Hi! I'm a PhD candidate in Data Science at the Technion, advised by Yevgeni Berzak in the Language, Computation and Cognition (LaCC) Lab.
My research lies at the intersection between Natural Language Processing and Cognition, focusing on cognitively driven readability and text simplification, and the generation of eye-movement scanpaths during reading.
I co-develop EyeBench, a benchmark for predictive modeling from eye movements in reading.

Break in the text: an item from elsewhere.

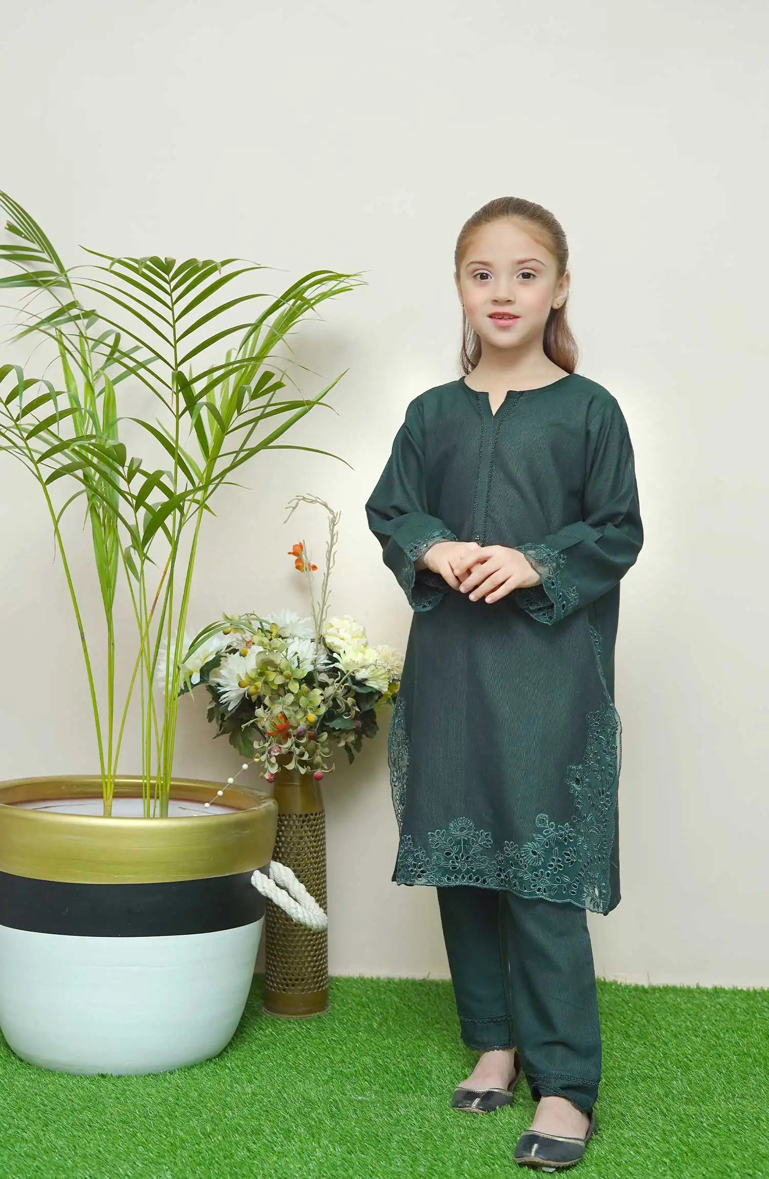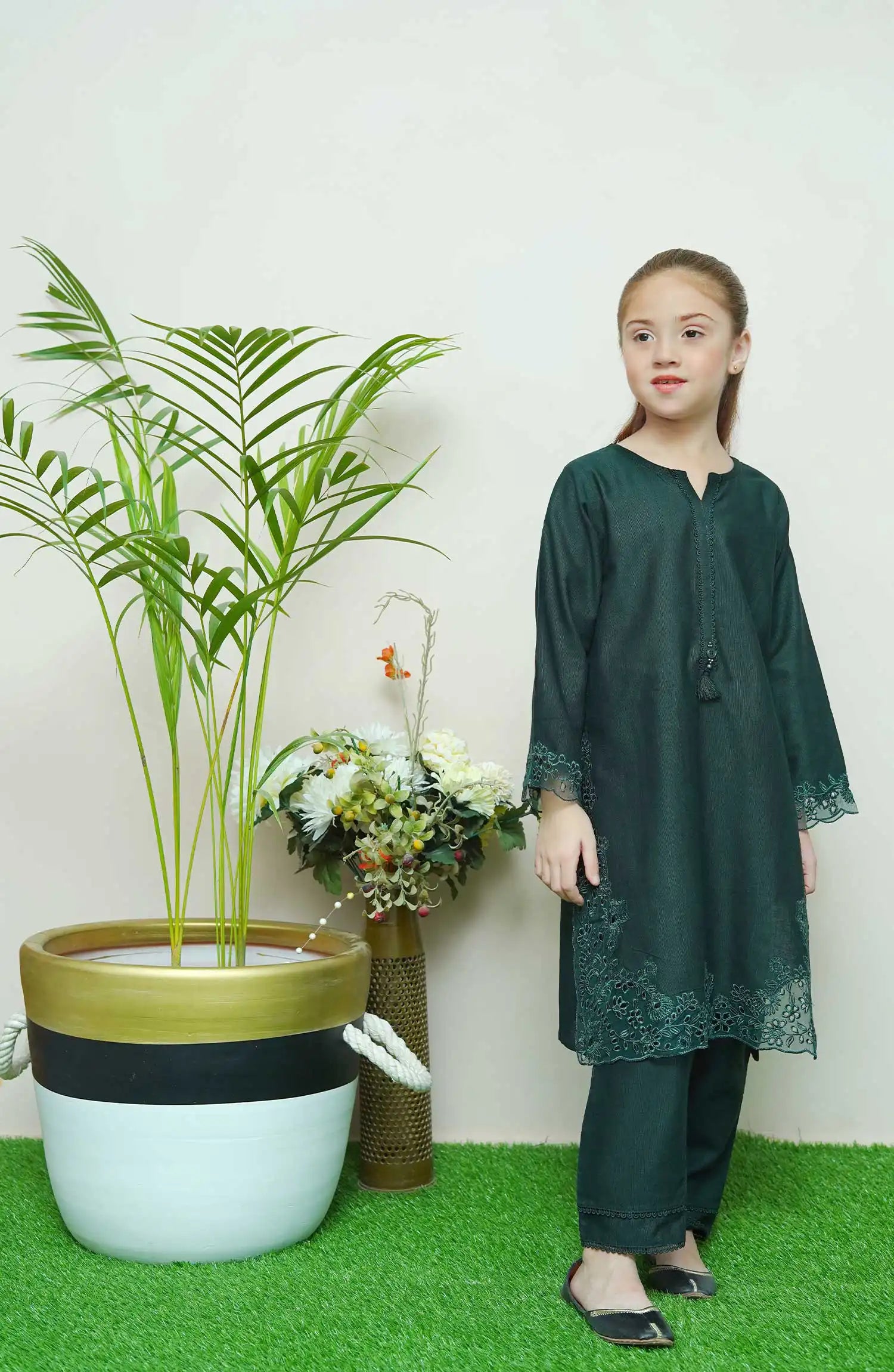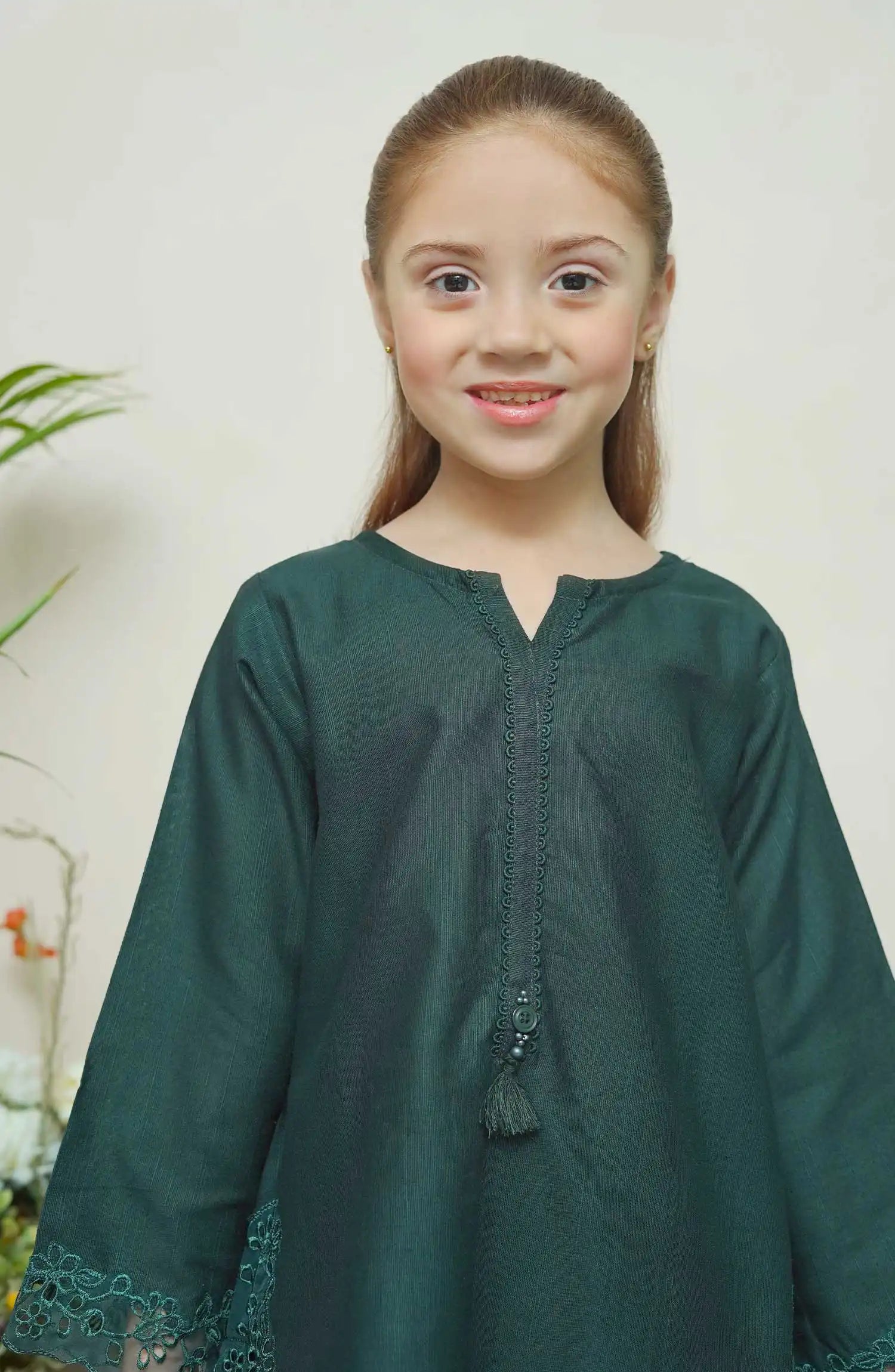 Girls | Green Dresses | Green Khaddar Dresses | Kids | Shanzey | Shanzey Whimsical Winters Embroidered Khaddar Collection | Winter Wear

Methods for scoring text readability have been studied for over a century, and are
widely used in research and in user-facing applications in many domains. Thus far,
the development and evaluation of such methods have primarily relied on two types of
offline behavioral data, performance on reading comprehension tests and ratings of text
readability levels. In this work, we instead focus on a fundamental and understudied
aspect of readability, real-time reading ease, captured with online reading measures
using eye tracking. We introduce an evaluation framework for readability scoring
methods which quantifies their ability to account for reading ease, while controlling
for content variation across texts. Applying this evaluation to prominent traditional
readability formulas, modern machine learning systems, frontier Large Language Models
and commercial systems used in education, suggests that they are all poor predictors
of reading ease in English. This outcome holds across native and non-native speakers,
reading regimes, and textual units of different lengths. The evaluation further reveals
that existing methods are often outperformed by word properties commonly used in
psycholinguistics for prediction of reading times. Our results highlight a fundamental
limitation of existing approaches to readability scoring, the utility of psycholinguistics
for readability research, and the need for new, cognitively driven readability scoring
approaches that can better account for reading ease.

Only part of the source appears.